### WHAT THE TASK ASKS
Only the lines below from the one with "- If you fail: When" through the one with "그동안의 전기면도기라 함은" are to be written out, exactly and without any images.

### AVAILABLE DATA
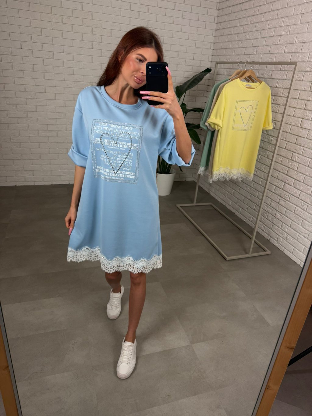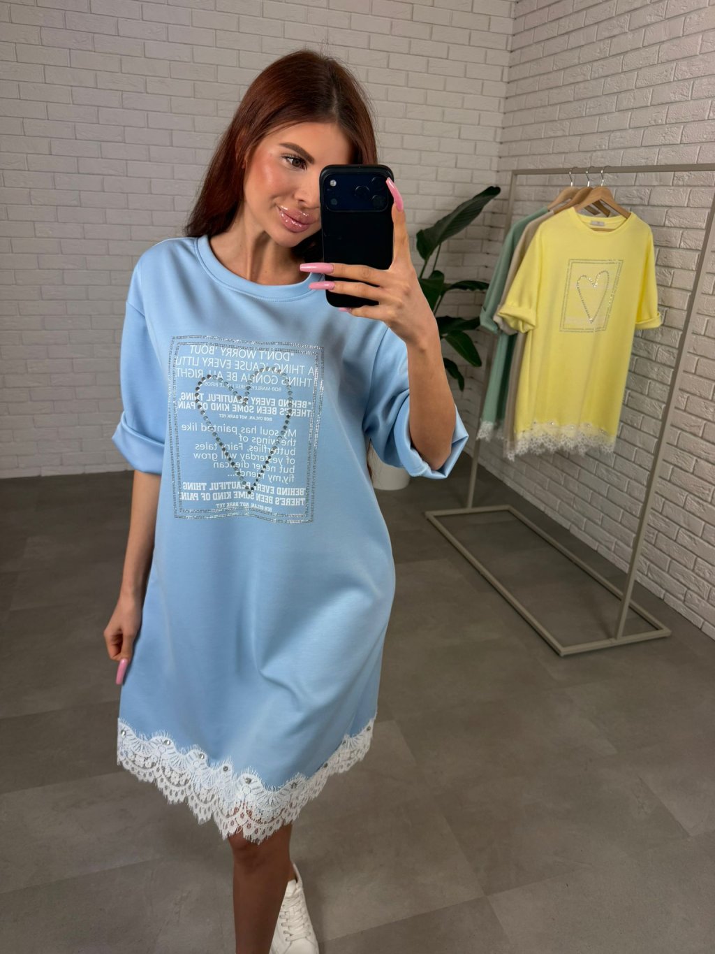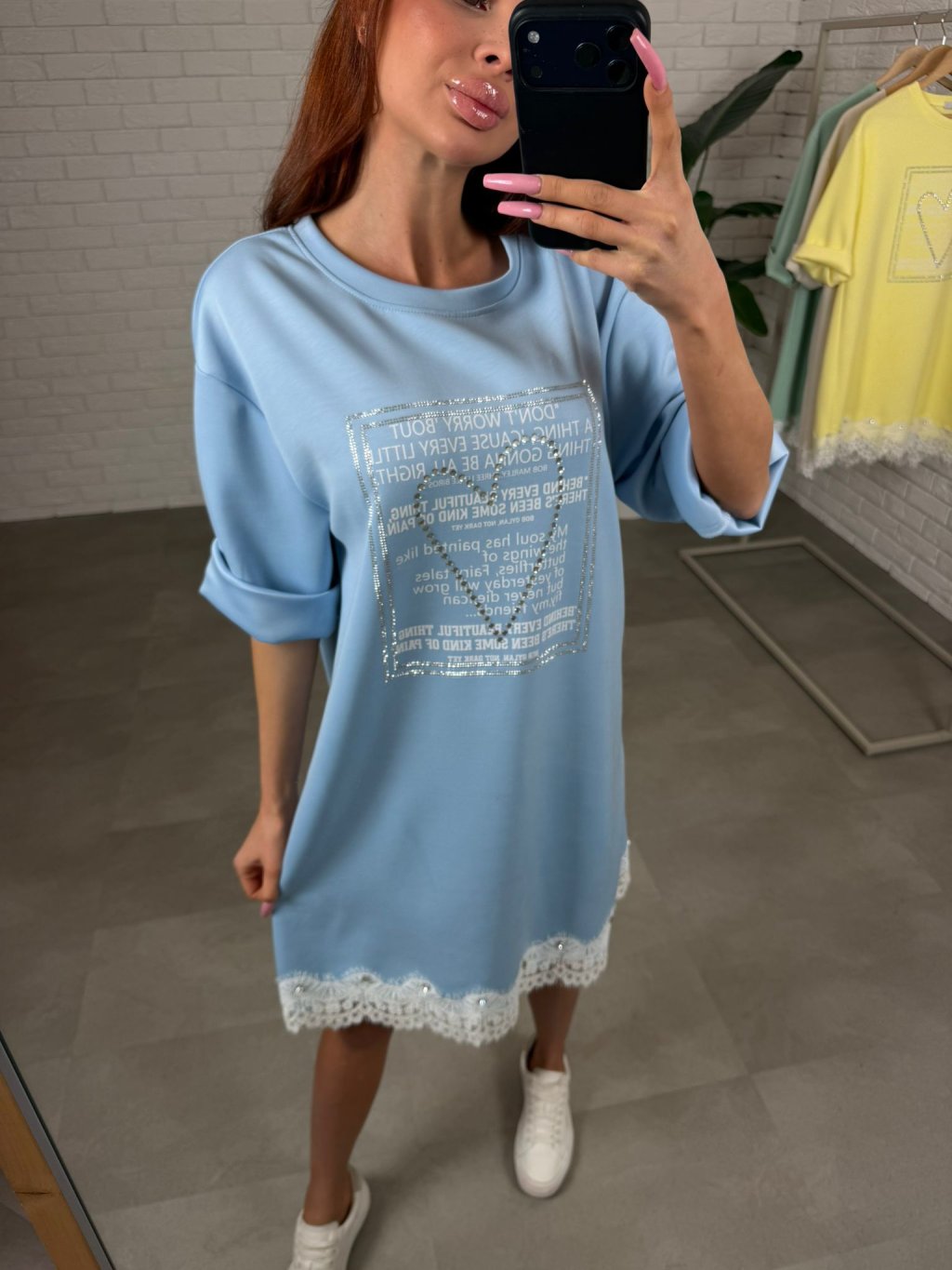 Šaty jsou jako stvořené na dny, kdy chceš pohodlí, ale zároveň nechceš působit obyčejně. Ušity jsou z příjemného poloteplákového materiálu, který se pěkně nosí a zůstává upraven během celého dne. Volnější střih je skvělý pro zakrytí bříška, pasu i boků, takže se v nich budeš cítit komfortně iv období po porodu nebo při těhotenském bříšku. Vpředu zaujmou štrasovým srdíčkem a ozdobným potiskem, díky čemuž působí žensky a jemně rozzáří celý outfit. Rukávy jsou délkou po loket a spodní okraj je ukončen krajkou s drobnými kamínky, což činí z šatů krásný, něžný kousek na běžný den. Velikostně sednou od S po XL.
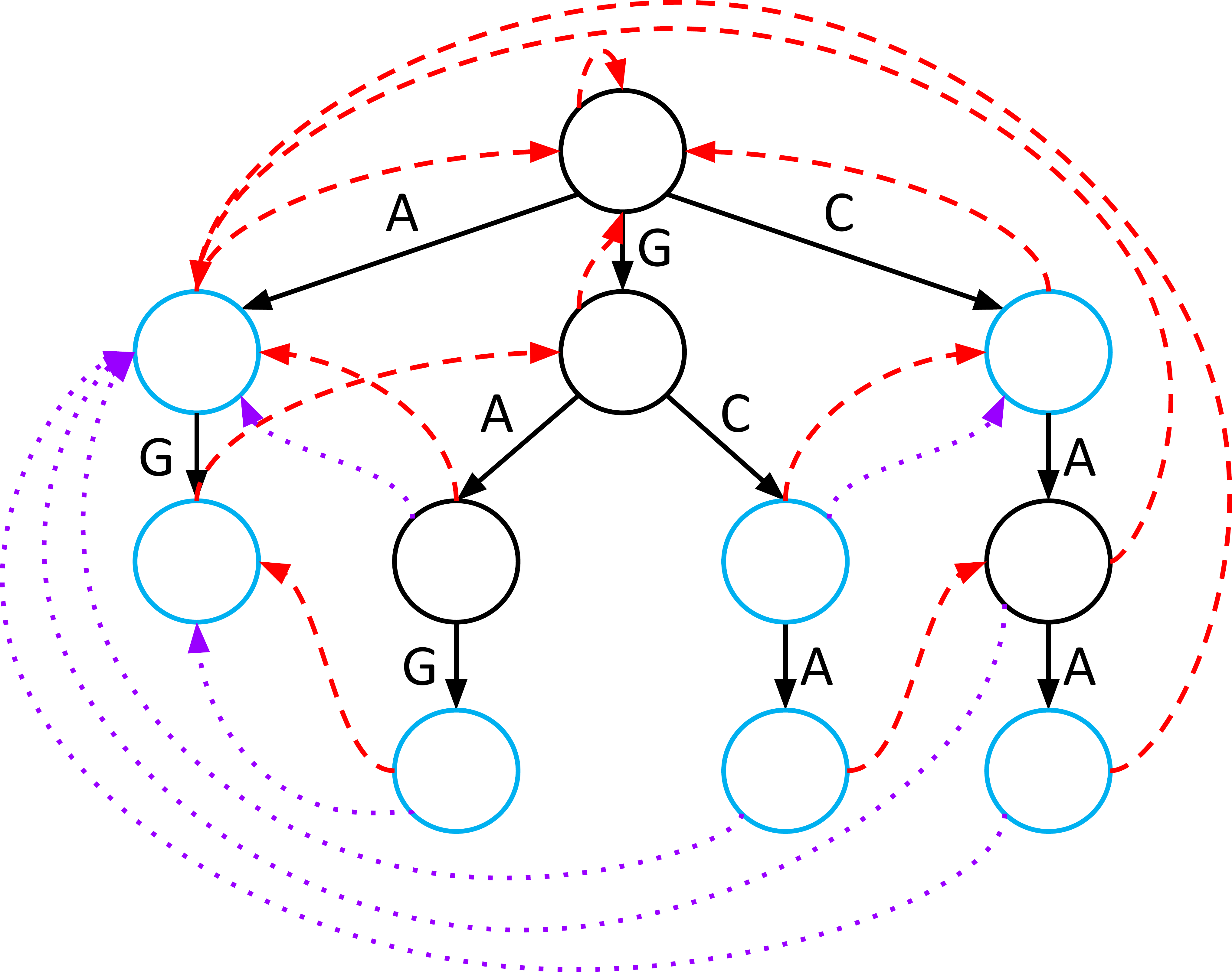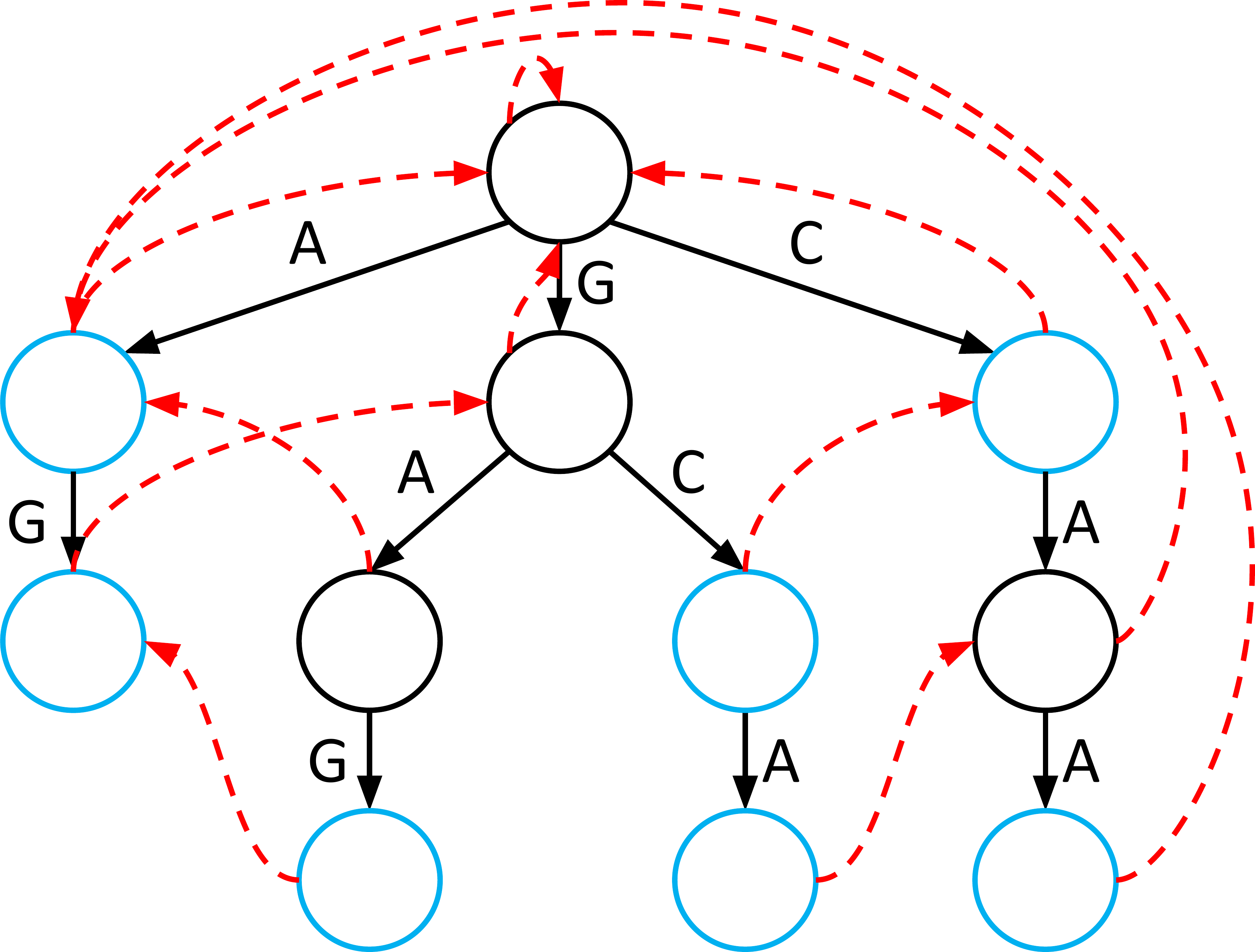 - If you fail: When the next character in the genome doesn’t match any child edge, you follow the failure link.
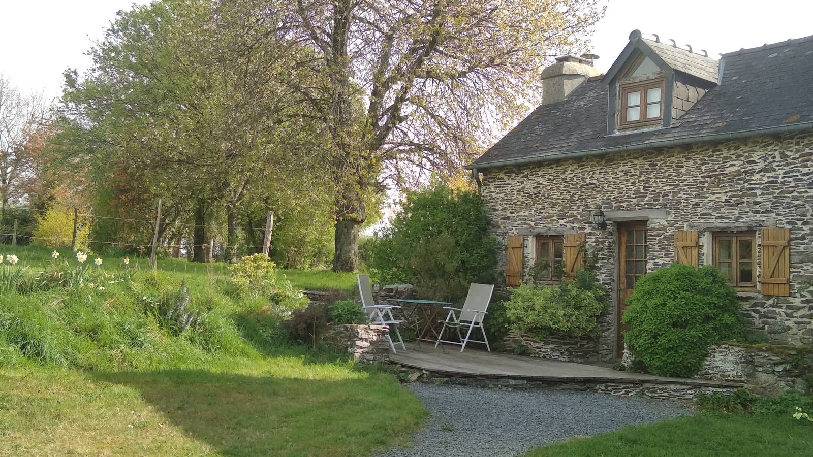 Pour vous un jardin fleuri et ombragé, quelques fruitiers dans lesquels vous être invités a vous servir (cerises, prunes, framboises, pommes et bientôt raisin) et quelques vaches qui se promènent dans les champs qui bordent la maisonnette.
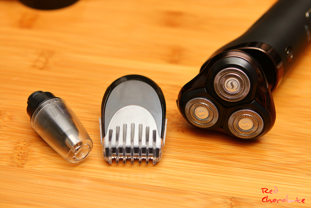 그동안의 전기면도기라 함은 면도하기 위한 전동면도기로 측면이나 후면에 구레나룻 정리용 트리머가 장착된 것이 일반적이었다. 하지만 스카이 케어 SV100 전기면도기는 면도 전용 트리머와 구레나룻, 콧털정리기까지 모두 동일하게 교환하며 사용할 수 있는 다기능 전기면도기라 할 수 있다.
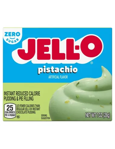 Le Jell-O Instant Pudding & Pie Filling Pistachio Zero Sugar est une préparation instantanée qui offre une alternative allégée au pudding pistache classique. En mélangeant simplement la poudre avec du lait froid, la crème épaissit rapidement pour atteindre une texture lisse, ferme et onctueuse. Le goût pistache reste présent et doux, tout en étant moins sucré, ce qui permet d’obtenir un dessert plus léger sans sacrifier la saveur.
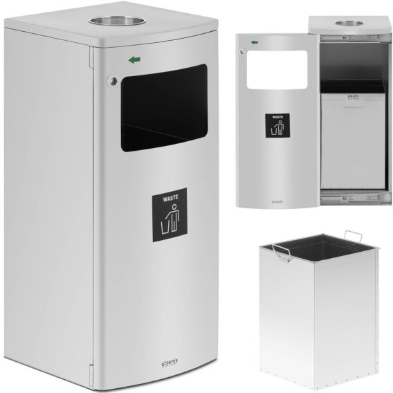 Kosz na śmieci marki Ulsonix sprawdzi się do utrzymania porządku wewnątrz i na zewnątrz. Wyposażony został w zintegrowaną popielniczkę. Wymiar przedmiotu wynosi 350 x 350 x 750 mm. Śmietnik wykonany został z wytrzymałej stali nierdzewnej i stali ocynkowanej. Posiada atrakcyjny wygląd i jest łatwy w czyszczeniu. Zebrane odpady łatwo wyjąć dzięki otwieranym drzwiczkom. Zamknięta góra uniemożliwia zaglądanie do środka.
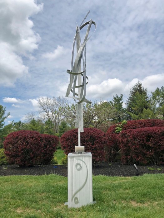 Welded, polished aluminum with a machine brush finish. Available. Signed & dated. Certificate of Authenticity. Delivery & Installation or shipping is available For further information on this piece or to discuss a custom design please call 614 | 582 | 6788 or email: macwartist@aol.com

### OUTPUT FOR THIS EXERCISE
 - If you fail: When the next character in the genome doesn’t match any child edge, you follow the failure link.
 Pour vous un jardin fleuri et ombragé, quelques fruitiers dans lesquels vous être invités a vous servir (cerises, prunes, framboises, pommes et bientôt raisin) et quelques vaches qui se promènent dans les champs qui bordent la maisonnette.
 그동안의 전기면도기라 함은 면도하기 위한 전동면도기로 측면이나 후면에 구레나룻 정리용 트리머가 장착된 것이 일반적이었다. 하지만 스카이 케어 SV100 전기면도기는 면도 전용 트리머와 구레나룻, 콧털정리기까지 모두 동일하게 교환하며 사용할 수 있는 다기능 전기면도기라 할 수 있다.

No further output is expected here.